═══ SUPPLIED DATA

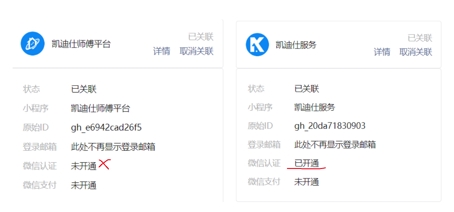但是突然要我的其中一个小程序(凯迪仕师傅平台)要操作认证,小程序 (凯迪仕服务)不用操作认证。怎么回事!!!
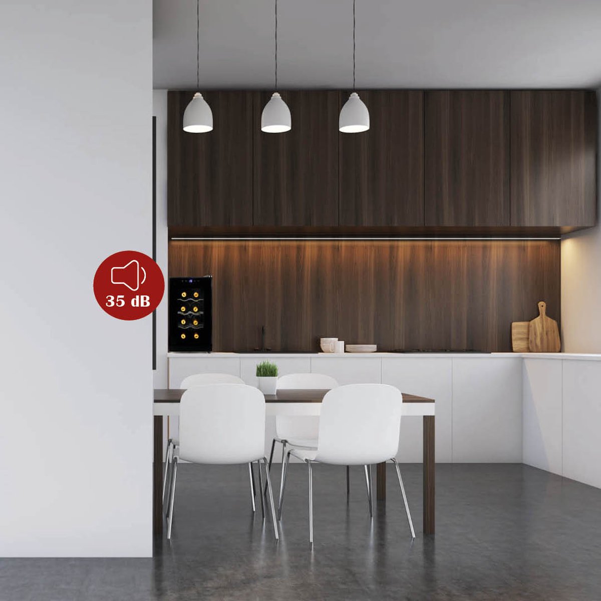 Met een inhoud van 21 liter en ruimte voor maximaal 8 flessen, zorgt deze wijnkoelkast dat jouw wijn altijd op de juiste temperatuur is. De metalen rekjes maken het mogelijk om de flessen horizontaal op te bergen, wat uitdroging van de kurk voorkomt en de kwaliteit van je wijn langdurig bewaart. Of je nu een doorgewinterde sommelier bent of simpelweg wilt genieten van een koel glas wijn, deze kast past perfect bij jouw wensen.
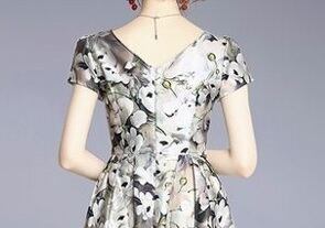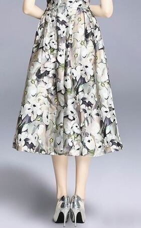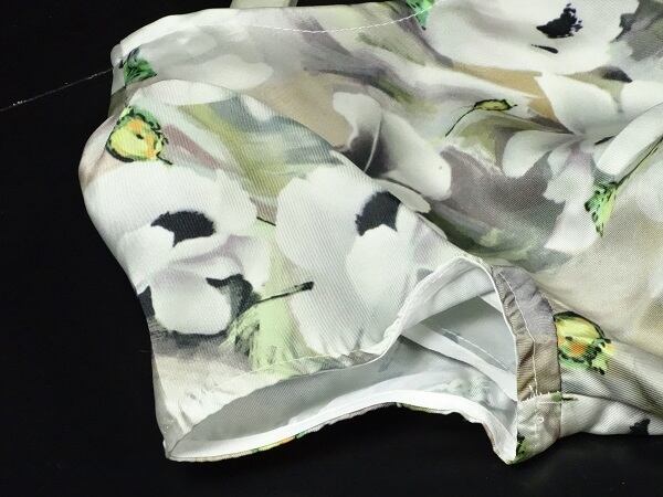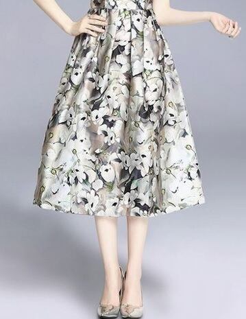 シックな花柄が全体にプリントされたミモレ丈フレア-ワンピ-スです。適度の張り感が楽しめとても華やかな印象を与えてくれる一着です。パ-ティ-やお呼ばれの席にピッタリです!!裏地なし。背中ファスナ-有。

══════

Word for word, restate every line of the listing, omitting the pictures.

但是突然要我的其中一个小程序(凯迪仕师傅平台)要操作认证,小程序 (凯迪仕服务)不用操作认证。怎么回事!!!
 Met een inhoud van 21 liter en ruimte voor maximaal 8 flessen, zorgt deze wijnkoelkast dat jouw wijn altijd op de juiste temperatuur is. De metalen rekjes maken het mogelijk om de flessen horizontaal op te bergen, wat uitdroging van de kurk voorkomt en de kwaliteit van je wijn langdurig bewaart. Of je nu een doorgewinterde sommelier bent of simpelweg wilt genieten van een koel glas wijn, deze kast past perfect bij jouw wensen.
 シックな花柄が全体にプリントされたミモレ丈フレア-ワンピ-スです。適度の張り感が楽しめとても華やかな印象を与えてくれる一着です。パ-ティ-やお呼ばれの席にピッタリです!!裏地なし。背中ファスナ-有。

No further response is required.